Only one candidate, Barack Obama, suggested that maybe money was not
all that was lacking when it comes to educating America's poor and
minority children. Parents had a role to play, too. ''It is absolutely
critical for us to recognize that there are going to be
responsibilities on the part of African-American and other groups to
take personal responsibility to rise up out of the problems we face,''
he said. What? It's just not a question of funding?

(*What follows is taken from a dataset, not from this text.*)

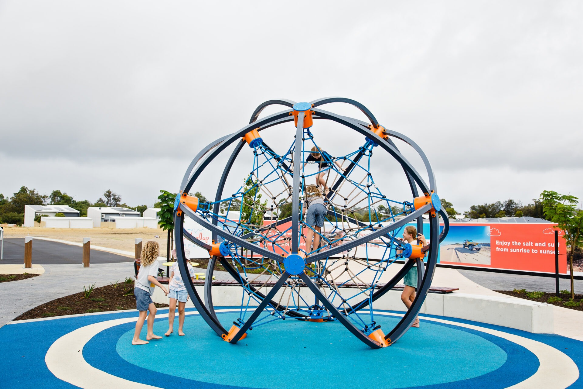 Another successful play space equipment project completed, featuring our Willplay Sphere Orb. The local residents and tourists to the town now have a great new play piece to explore and burn off some energy whilst mum and dad enjoy a coffee or a cold beverage of choice at the nearby restaurants and pubs. If you haven’t visited Dalyellup yet we would highly suggest you visit this coastal spot for it’s beautiful natural landscapes that surround it on one side, with coastal views and beaches to greet you on the other.
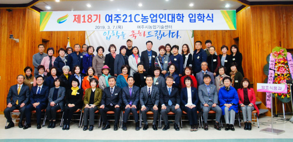 경기 여주시는 7일 농업기술센터 대강당에서 ‘제18기 여주21C농업인대학 입학식’을 개최했다. 이날 입학식은 입학생과 내빈 등 130여명이 참여한 가운데 진행됐다. 사진은 이항진 시장(앞줄 오른쪽에서 여섯번째)과 입학생들의 기념촬영 모습. (사진제공=여주시청)

Obama has said this sort of thing before. Back in March, in one of his
first major speeches as a presidential candidate, he struck just the
right balance -- not just more money, but more personal
responsibility, too: ''Even as I fight on behalf of more education
funding ... I have to also say that if parents don't turn off the
television set when the child comes home from school and make sure
they sit down and do their homework and go talk to the teachers and
find out how they're doing ... I don't know who taught them that reading
and writing and conjugating your verbs was something white.''

I suppose it's easier for Obama to say these things because he is
black and impervious to charges of racism. Black or white, white or
black, Hispanic or Asian-American or whatever, kids are kids. We're
talking about lives that could be salvaged and made productive. The
problem no longer is just underfunding or racial segregation, it is
something else -- and we all know it. Yet, when the Supreme Court
ruled last week that in most cases race could no longer be taken into
account to achieve classroom diversity, the groans from the Democratic
candidates suggested that something of great and tragic consequence
had occurred. Jim Crow was at the schoolhouse door.

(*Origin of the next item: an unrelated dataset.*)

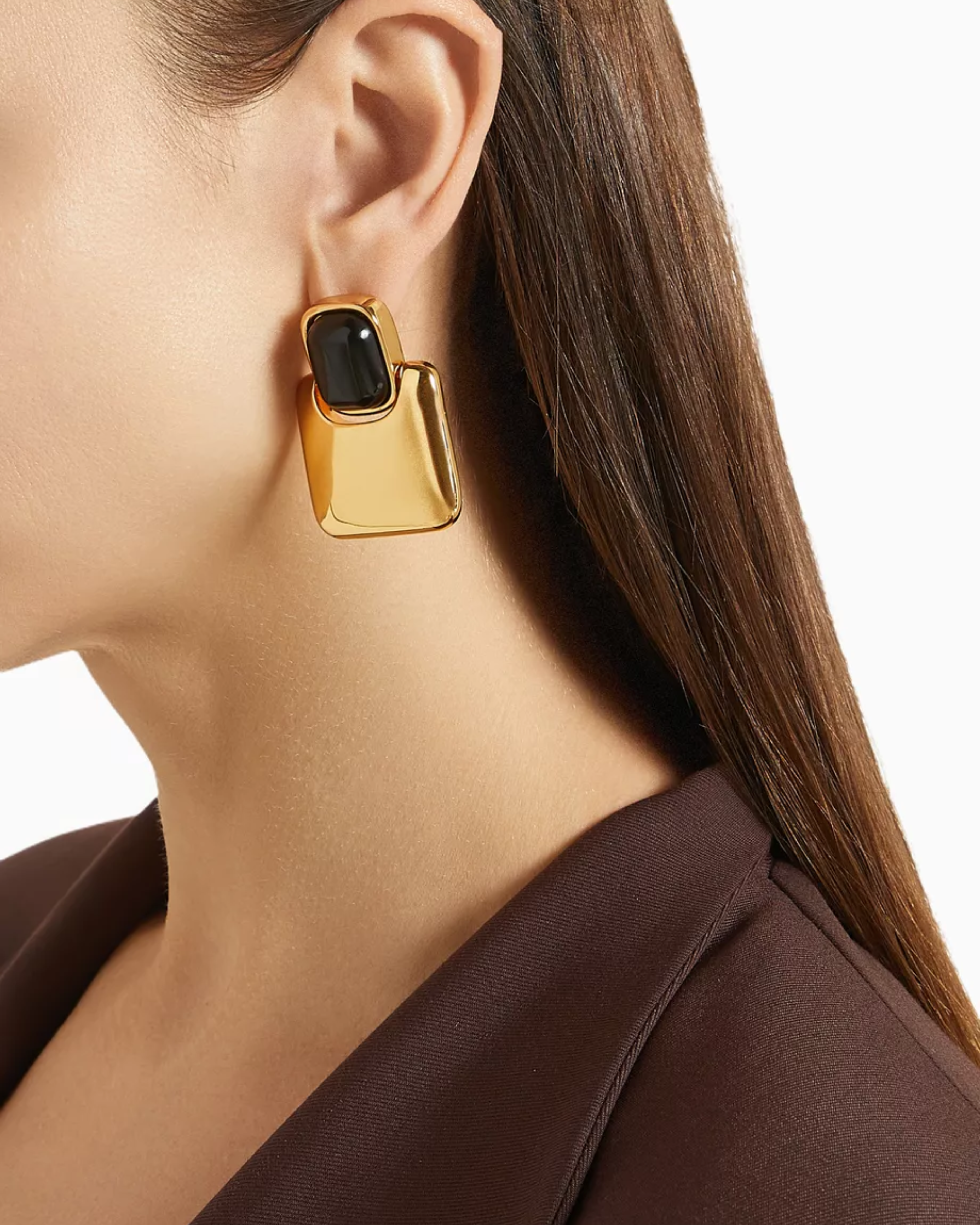 Set of pendant earrings with resin square pendant. Made with premium 18k gold-plated brass.

The reality, though, is that the court decision has almost no
application to the big-city school systems we worry so much about.
Most of these systems are overwhelmingly black or Hispanic. Washington
has about 65,000 black students and about 3,500 whites; Los Angeles
has about 1 million Hispanic students and 285,000 whites; Philadelphia
has about 180,00 nonwhite students and 30,000 whites. New York's
borough of the Bronx has about 200,000 black or Hispanic students and
nearly as many Asian/Pacific Islanders as whites (9,000). ''I can't do
racial balancing,'' Joel Klein, New York City's innovative schools
chancellor, told me. To him, it's a distant dream.

In so far as the Democratic presidential candidates talked about
public school education and in so far as they mentioned the Supreme
Court decision, they largely mouthed Democratic orthodoxy. It must
have sounded reassuring to big-city education unions and politicians
with a gift for exacerbating racial paranoia. But to the kid in the
classroom, to a parent bucking the bureaucracy, the rhetoric must have
sounded as unreal as the hot air that comes from Baghdad's Green Zone
-- a ''surge'' of money instead of men or, as we used to say, throwing
good money after bad.

Richard Cohen is a columnist for the Washington Post Writers Group.